Entries below include pictures. Output exactly the lines from the one with "Inner Material: Fabric" down to the one with "In this section, the", both ends included, and leave the pictures out.

_Records provided_
▼
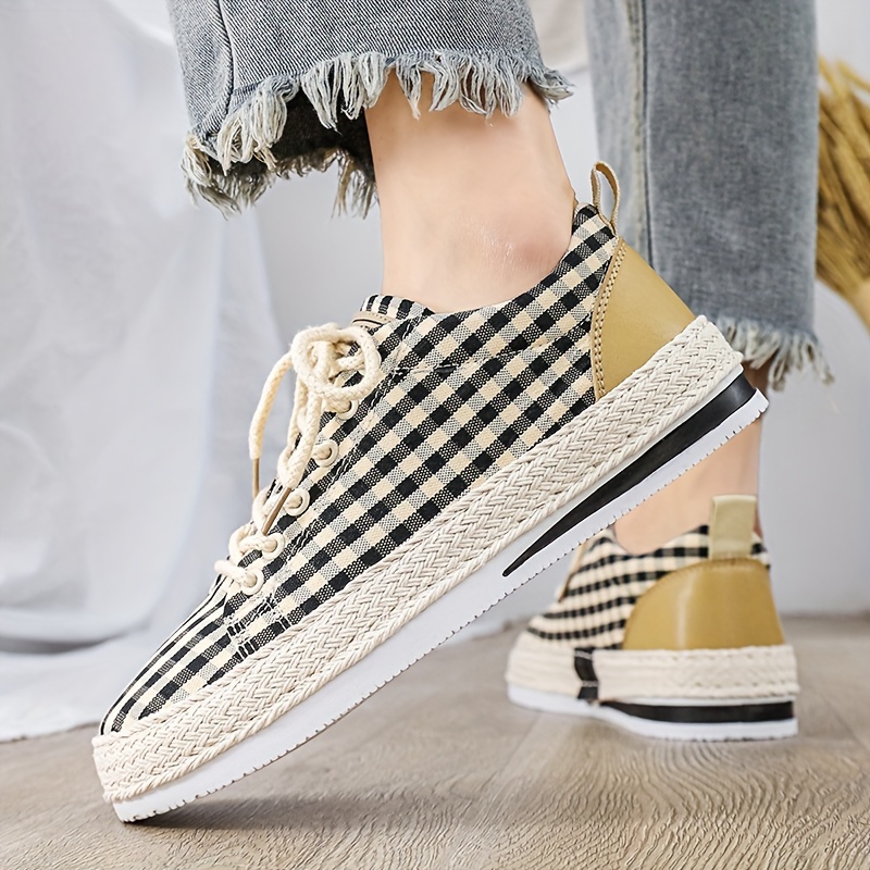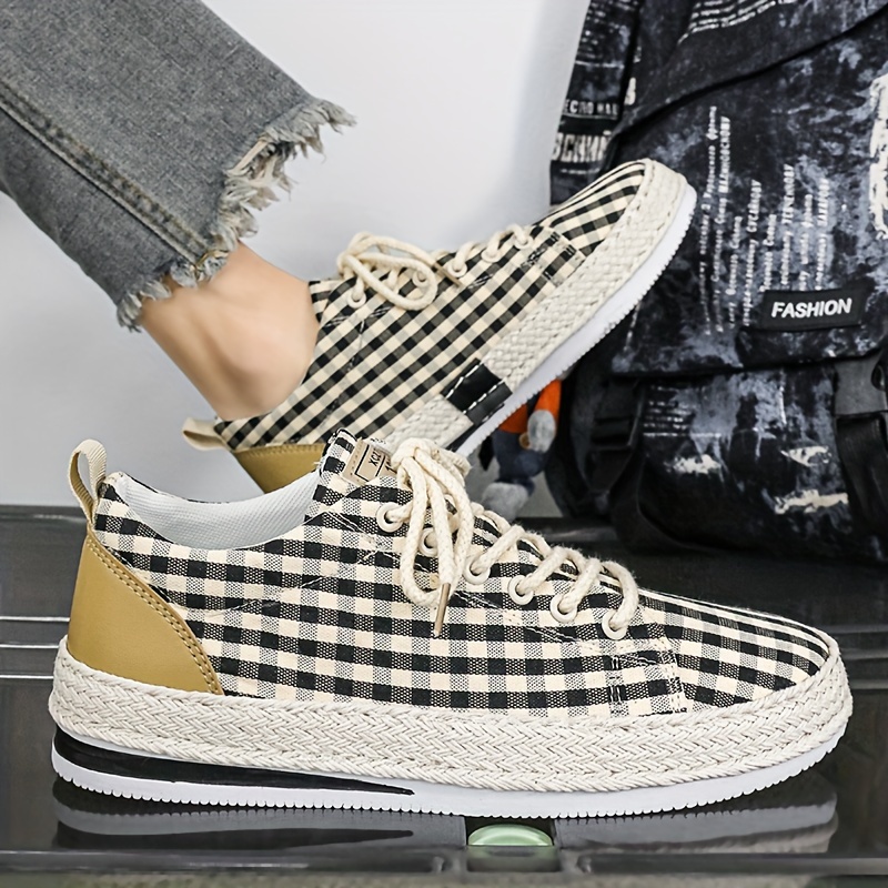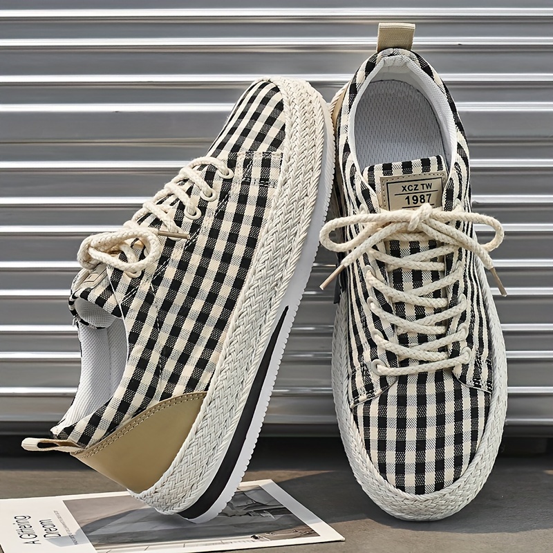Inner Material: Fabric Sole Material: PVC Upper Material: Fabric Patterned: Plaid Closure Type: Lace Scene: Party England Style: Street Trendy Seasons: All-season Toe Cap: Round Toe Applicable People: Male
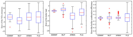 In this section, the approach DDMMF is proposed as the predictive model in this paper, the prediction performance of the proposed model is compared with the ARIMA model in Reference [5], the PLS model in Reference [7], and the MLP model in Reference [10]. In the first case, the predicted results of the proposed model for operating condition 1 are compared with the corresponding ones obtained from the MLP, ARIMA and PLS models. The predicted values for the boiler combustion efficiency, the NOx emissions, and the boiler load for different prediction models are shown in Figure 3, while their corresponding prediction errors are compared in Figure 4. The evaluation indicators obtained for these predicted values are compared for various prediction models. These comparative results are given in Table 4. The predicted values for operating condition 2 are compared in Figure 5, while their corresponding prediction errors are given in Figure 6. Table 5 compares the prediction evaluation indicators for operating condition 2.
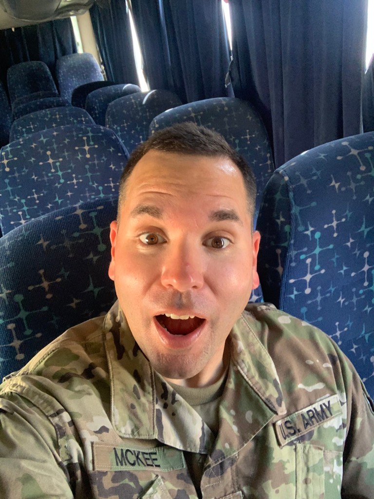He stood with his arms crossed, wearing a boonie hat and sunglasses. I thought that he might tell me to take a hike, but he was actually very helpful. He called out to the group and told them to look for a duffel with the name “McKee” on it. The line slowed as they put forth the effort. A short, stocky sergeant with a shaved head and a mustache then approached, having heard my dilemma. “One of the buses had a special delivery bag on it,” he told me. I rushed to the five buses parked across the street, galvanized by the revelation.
▲
▼
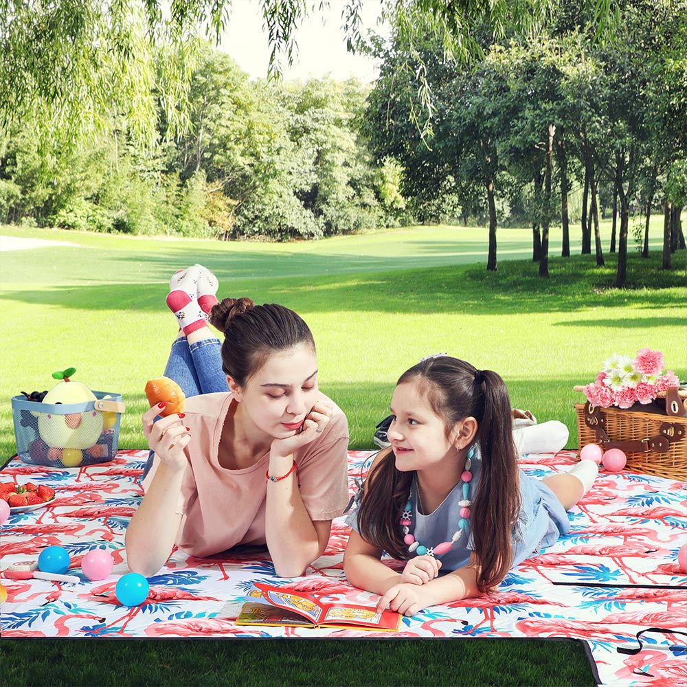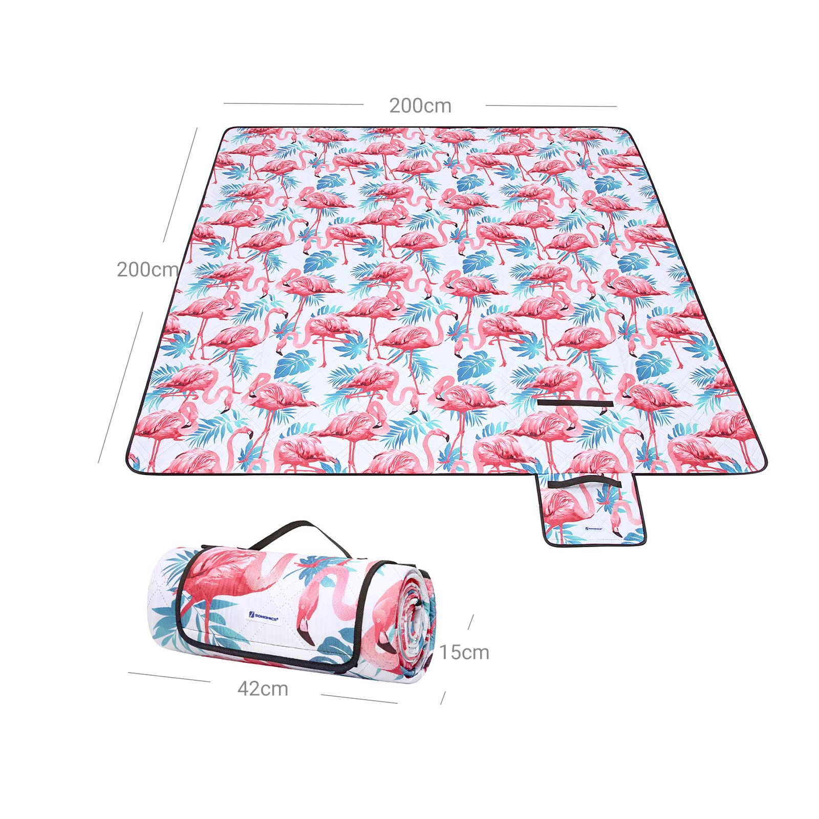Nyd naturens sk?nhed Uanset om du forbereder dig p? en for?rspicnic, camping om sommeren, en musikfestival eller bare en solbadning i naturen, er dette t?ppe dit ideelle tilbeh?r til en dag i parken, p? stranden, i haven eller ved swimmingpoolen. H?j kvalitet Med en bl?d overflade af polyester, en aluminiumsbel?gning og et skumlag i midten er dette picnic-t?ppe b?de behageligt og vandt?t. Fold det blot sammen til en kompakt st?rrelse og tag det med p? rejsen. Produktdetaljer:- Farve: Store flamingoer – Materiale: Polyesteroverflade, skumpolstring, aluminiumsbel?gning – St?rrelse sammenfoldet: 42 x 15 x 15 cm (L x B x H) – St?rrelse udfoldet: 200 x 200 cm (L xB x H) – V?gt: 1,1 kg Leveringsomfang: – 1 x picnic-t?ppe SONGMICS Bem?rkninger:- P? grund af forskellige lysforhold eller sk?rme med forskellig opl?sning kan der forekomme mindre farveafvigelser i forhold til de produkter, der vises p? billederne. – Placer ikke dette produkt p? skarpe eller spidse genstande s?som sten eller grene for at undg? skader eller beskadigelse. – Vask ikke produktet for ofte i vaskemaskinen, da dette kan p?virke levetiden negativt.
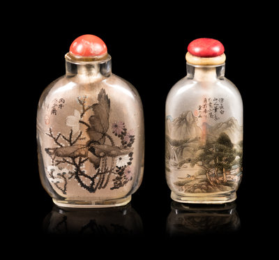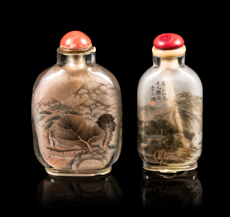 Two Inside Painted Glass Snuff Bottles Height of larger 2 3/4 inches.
▲
▼
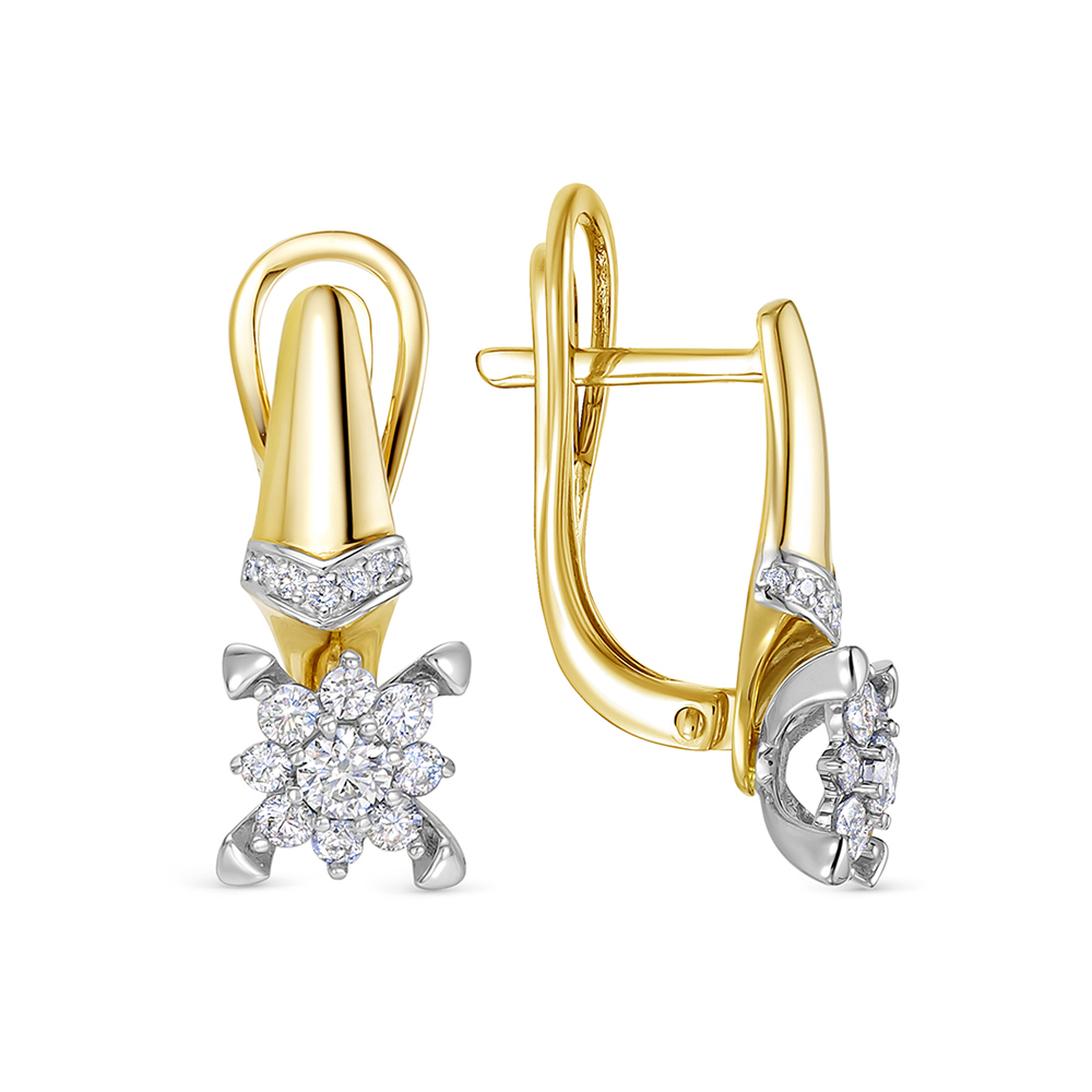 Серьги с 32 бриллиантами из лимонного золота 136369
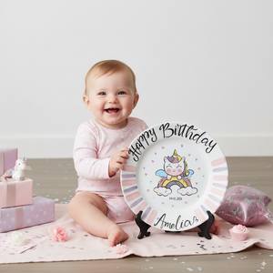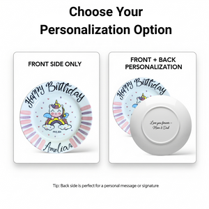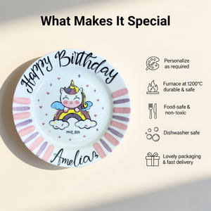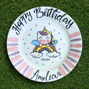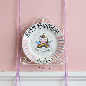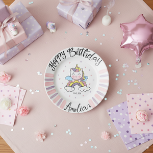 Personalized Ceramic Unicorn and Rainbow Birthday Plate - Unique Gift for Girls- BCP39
▲
_Task solution_
Inner Material: Fabric Sole Material: PVC Upper Material: Fabric Patterned: Plaid Closure Type: Lace Scene: Party England Style: Street Trendy Seasons: All-season Toe Cap: Round Toe Applicable People: Male
 In this section, the approach DDMMF is proposed as the predictive model in this paper, the prediction performance of the proposed model is compared with the ARIMA model in Reference [5], the PLS model in Reference [7], and the MLP model in Reference [10]. In the first case, the predicted results of the proposed model for operating condition 1 are compared with the corresponding ones obtained from the MLP, ARIMA and PLS models. The predicted values for the boiler combustion efficiency, the NOx emissions, and the boiler load for different prediction models are shown in Figure 3, while their corresponding prediction errors are compared in Figure 4. The evaluation indicators obtained for these predicted values are compared for various prediction models. These comparative results are given in Table 4. The predicted values for operating condition 2 are compared in Figure 5, while their corresponding prediction errors are given in Figure 6. Table 5 compares the prediction evaluation indicators for operating condition 2.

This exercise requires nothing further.